Franklin Kiermyer doesn’t play saxophone — he plays drums — but he’s found enlightenment in the intense fervor and soul of Sanders, who was present on the drummer’s well-received third album Solomon’s Daughter from 1994. Not too long after then, this promising but overlooked musician dropped nearly out of sight for over fifteen years, reaching for a higher plane of spiritual fulfillment and start a family. Productive again musically since around 2013, Kiermyer is back better than ever.

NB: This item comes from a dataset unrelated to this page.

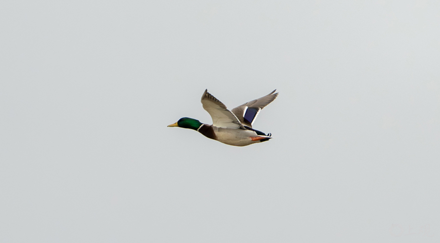 绿头鸭在天外中翱翔。
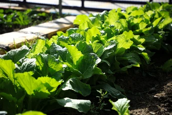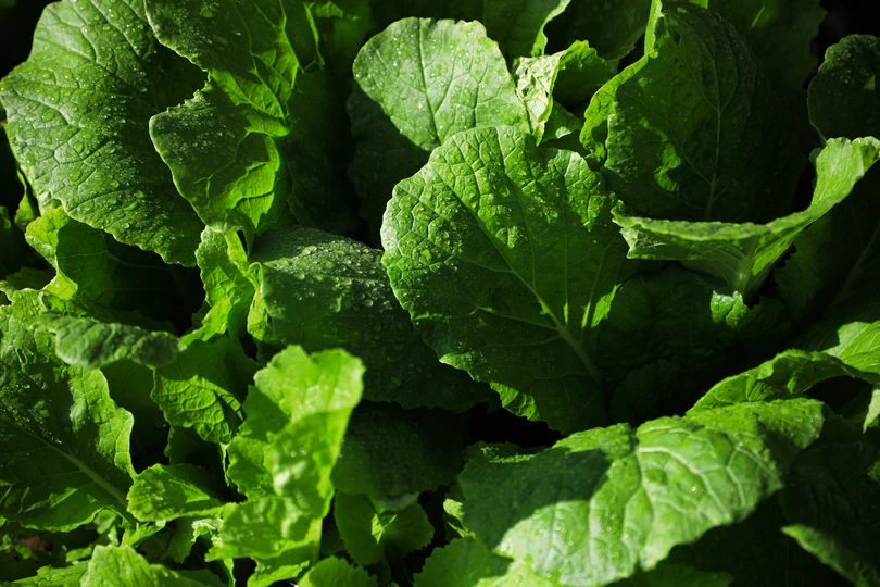 立秋那天下了一场雨,秋高气爽。看到菜园里的青菜在晨光的映照下,生机勃勃。

Backed by a potent young trio consisting of Lawrence Clark (saxophone), Davis Whitfield (piano) and Otto Gardner (bass), he’s holding nothing back with his newfound energy. Closer To The Sun (November 11, 2016, Mobility Music) is a vigorous but focused effort that stirs up the spirits of Coltrane and Sanders within Kiermyer’s own dialect and robust compositions. So focused, that Kiermyer can fully pack the dynamite in radio single-length songs, such as “Heliocentric,” debuting in the video above. With Clark, Whitfield and Gardner racing up and down and back up again, Kiermyer romps and swings in a controlled fury that few outside of Elvin Jones is capable of doing.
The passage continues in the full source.